- EXERCISE REQUIREMENTS
In the entries below, find the line with "19/11/24 - 09h37Les", then set it down exactly along with each line after it to the end, skipping any pictures.
═══ THE DATA
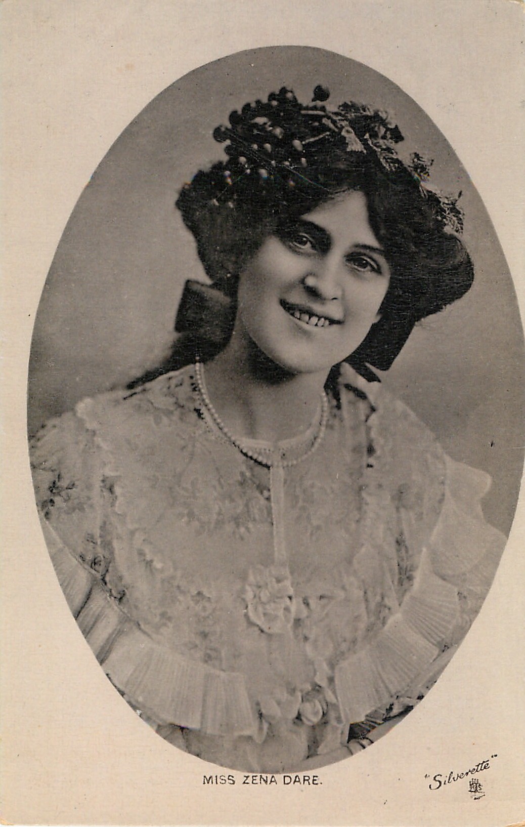 MISS ZENA DARE head & shoulders portrait in an oval with white surround
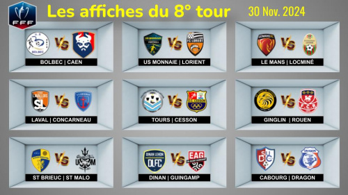 19/11/24 - 09h37Les affiches du 8ème tour de la coupe de France pour l'ensemble des clubs bretons
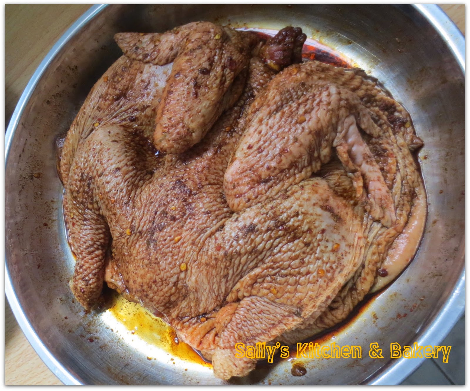 1. 雞洗淨抹乾,剪開雞肚,先用鹽"按摩"全雞,再加入其餘調味料"按摩"。
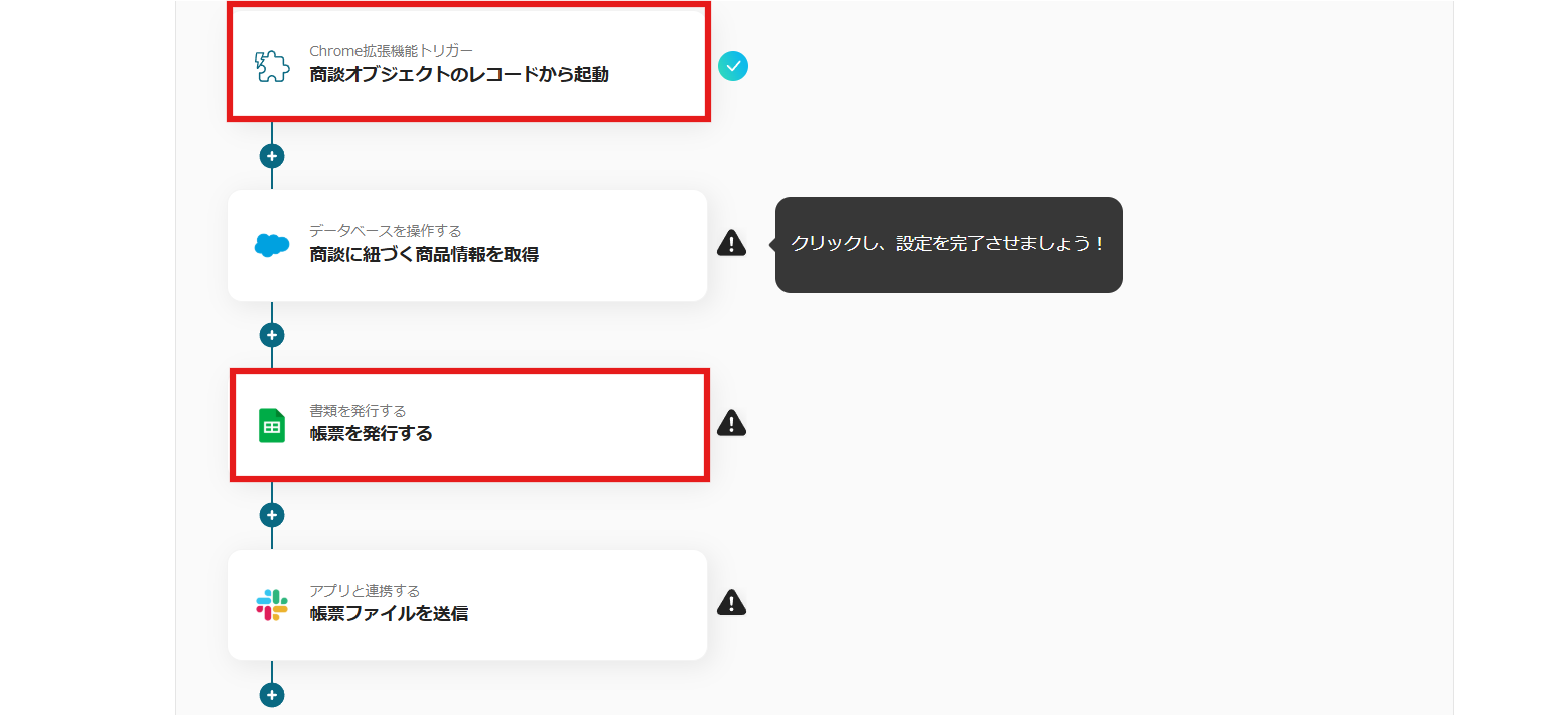上記のフローの場合、特定の商談レコードからChrome拡張機能を起動して商談データを取得します。さらにGoogle スプレッドシートに作成済みの帳票の雛形と商談データを紐づけ、帳票を自動作成した後にSlackへ送信可能です。
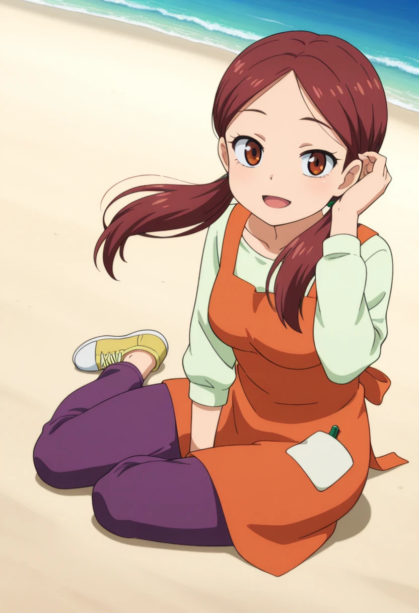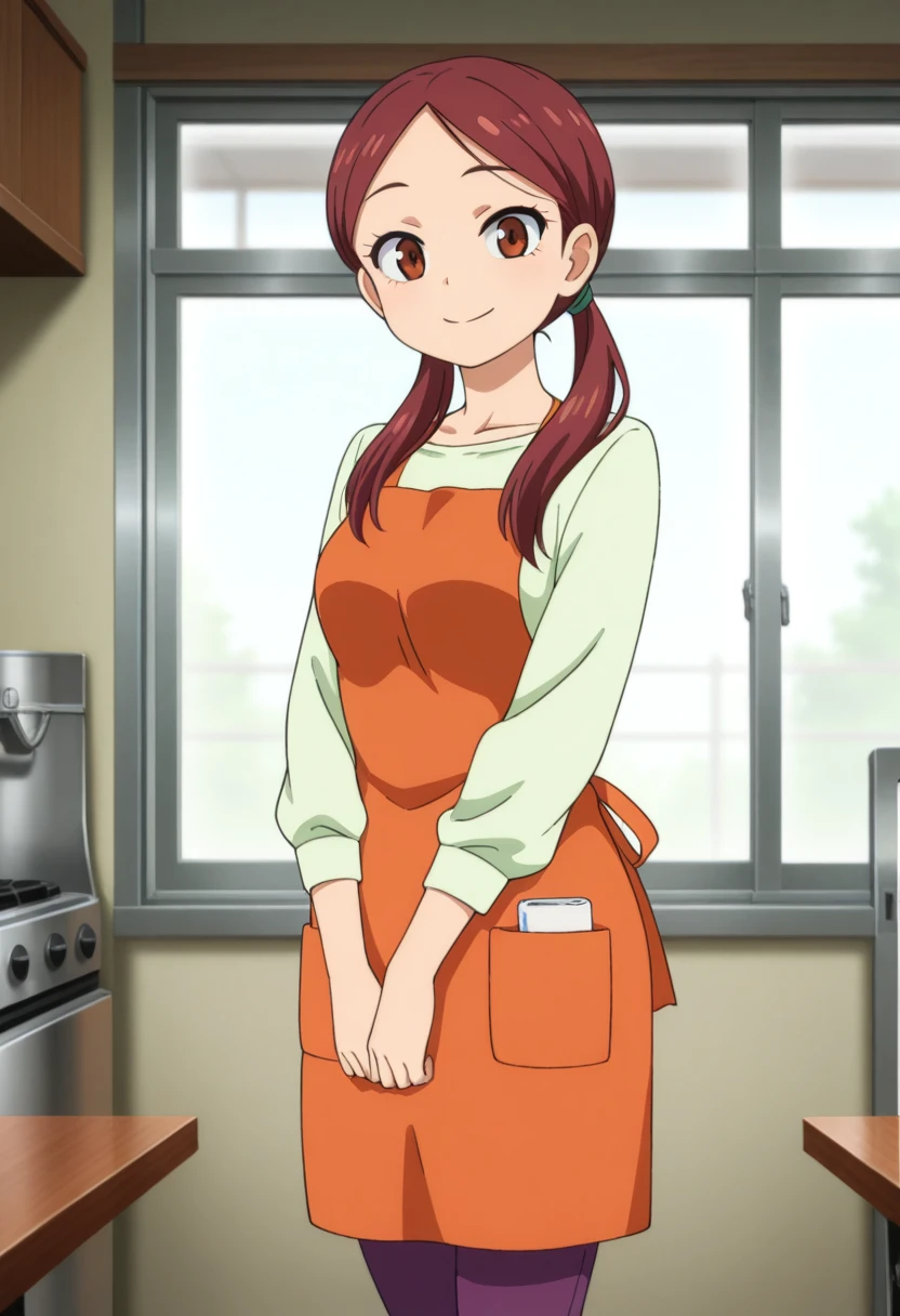 light green shirt, orange apron, three-quarter sleeves, purple pants, shoes,
══════
- SOLVED PROBLEM
 19/11/24 - 09h37Les affiches du 8ème tour de la coupe de France pour l'ensemble des clubs bretons
 1. 雞洗淨抹乾,剪開雞肚,先用鹽"按摩"全雞,再加入其餘調味料"按摩"。
上記のフローの場合、特定の商談レコードからChrome拡張機能を起動して商談データを取得します。さらにGoogle スプレッドシートに作成済みの帳票の雛形と商談データを紐づけ、帳票を自動作成した後にSlackへ送信可能です。
 light green shirt, orange apron, three-quarter sleeves, purple pants, shoes,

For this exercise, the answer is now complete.